Запущенный материал по физике, алгебре и тригонометрии не давал подолгу уснуть. Хотелось как-то изменить весь порядок жизни. Хотелось, но начинать что-либо для этого уже не было силы воли. Николай просто не мог понять ни один из этих предметов. Иногда, в часы особенно изнуряющей жары, он безвольным жестом раскрывал учебник алгебры, тупо смотрел на формулы, которые через несколько секунд начинали расплываться.
Тогда он захлопывал учебник и производил это же с учебником по физике. До тригонометрии процесс открывания учебника не доходил. Самым приятным из предметов был английский. Правда, сколько ни бился Николай, его язык не хотел освоить произношение буквы "дабл ю", он произносил её как "в". Учительницу это раздражало, и она всегда ставила ему тройку. Этот предмет требовал усидчивости. Но он не был таким сложным, как закон Джоуля, Ома и Ньютона.
Даже тригонометрия как-то ещё поддавалась Николаю, правда, местами - не вся от корки до корки учебника. Алгебру Николай просто ненавидел.

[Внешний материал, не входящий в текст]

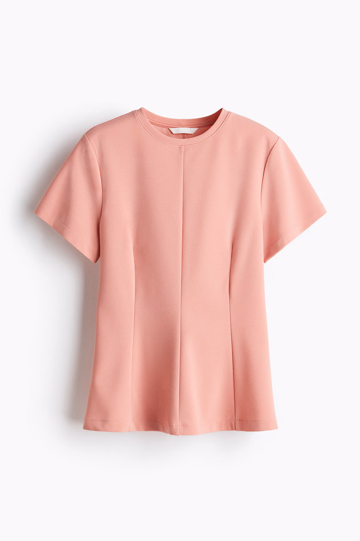 Fitted top in thick interlock jersey. Round neckline, shaping darts at waist, and short sleeves. Flared hem.

Но и она отвечала ему тем же, не позволяя раскрыть тайны своих законов. И чем же в каникулы заниматься, как не любимым или просто лёгким делом? Он начал с английского. Во-первых, знание английского языка просто необходимо при поступлении в любой ВУЗ. А поступать Николай собирался непременно. У него сомнений по этому поводу даже не было.
И Николай усиленно стал терзать словарь английского языка, стараясь не думать о пока ещё далёком сентябре. При встрече с друзьями становилось на душе легче. Ни Виктор, ни Слава о таких пустяках, как школьные успехи, не заикались. Разговоры велись о шахматах, футболе. Николай узнавал от Виктора о скудных школьных успехах Славы, но о своих успехах Виктор не давал никакой информации. Два его друга перешли ещё только в девятый класс, экзамены им не грозили, поэтому встречались с настроением далеко не одинаковым.
Иногда у Николая появлялось желание рисовать. Но это беспокойство о будущем мешало сосредоточиться, мешало вообще заняться чем-либо. Николай читал много о переходном возрасте, но как-то не мог применить это к себе, хотя это состояние и настигало его в самый неподходящий момент. Прасковья ему в душу не лезла, вопросы не задавала. Дядя Лёша для улучшения настроения подсовывал романы о страстной любви, чем ещё более усугублял тревожное состояние.